I know there are some who will disagree with me, who feel that our (still!) new President has betrayed our trust and dashed our hopes for change. For myself, I was struck by one line in the brief speech he gave, late at night, after the result of the House vote was known. He said, "This is what change looks like." Those of us who longed--still long--for radical change on almost every front in American life do well to remember the struggle for change in our own lives. It rarely happens fast, in a bolt of lightning. And even if the bolt of lightning strikes, with a sudden epiphany of realization and determination to change, the change itself takes a long time to process. I still find myself slipping back into old behavior patterns that I had hoped to leave behind me, still re-fighting the old battles, still finding new areas of resistance.
My choice is to see in Obama not the savior, not the rapid game-changer, but one who offers the model for what it is I fervently believe in: persistence. I do not believe that the change in our health care system could have happened without any of the anguish we have experienced this past year. Sure, there were missteps along the way. From my comfortable distance, I could have handled everything much better than Obama did. Fortunately, though, I'm not in charge of the situation. My magic wand exists in my imagination only--a fond delusion.
And sure, I would have fashioned a more perfect bill than this one--in my dreams. I find it particularly galling, speaking for myself and I'm sure for many others, that the abortion issue was allowed to play so large a role, and that those I personally disagree with were granted so much power.
That said, however, this is a big, difficult country, intolerant of government, intolerant of change. And the health care problem was--is--a big, difficult problem, no matter how much we would like to reduce it to simplicities. Decades of neglect have made it even more complex than perhaps it needed to be, had we addressed it in good time, before it loomed to critical proportions. Seen in this light, I believe the achievement of Obama, his administration, and the Democrats in Congress to be one of huge significance, and I honor them for having managed it, with all its imperfections.

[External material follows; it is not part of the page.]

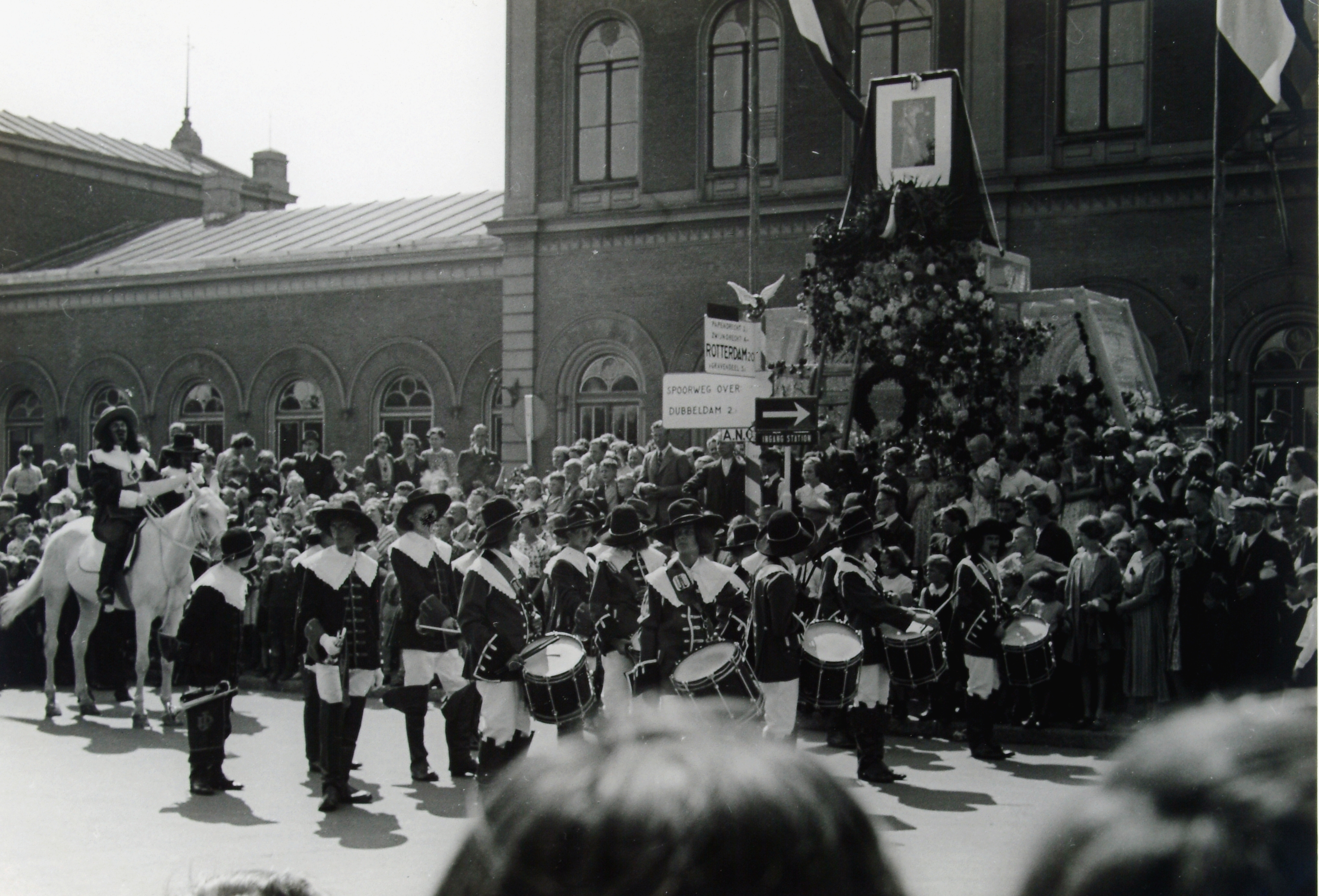 - bloemen / planten feestelijkheden geboortes muziekkorpsen publiek / toeschouwers richtingborden / wegwijzers stations(gebouwen)

There is a piece in a poem by Robert Creeley to which I return often in my mind. The poem is called The Innocence, and the last two lines read thus:
What I come to doIs partial, partially kept.
I find in them a quiet serenity, an acknowledgement of limitations, a permission to be less than perfect in "what I come to do." In this, they are profoundly comforting, as is the poem itself...
2 comments:
I agree that commercial activity and creative activity affect each other. To what extent, I don't know.
Can we form a more perfect Union or health bill?
We can over the years.
It is not a small business, this government is a leviathan. Unlike other models we are so inclusive of the opinions of all that many foolish selfish interests or faith based realities have their say.
Obama is showing the world how to move forward in small steps by leading us towards an eventual goal. I think he meant that change is slow and steady. Those who want absolute radical change must make it occur within their own lives.
What goals are achievable in one step? Very few.
The party of NO stands still, unable to even compromise an inch. This is what happens to mud
when it is exposed to heat, wind and time. Another word for it is paralysis!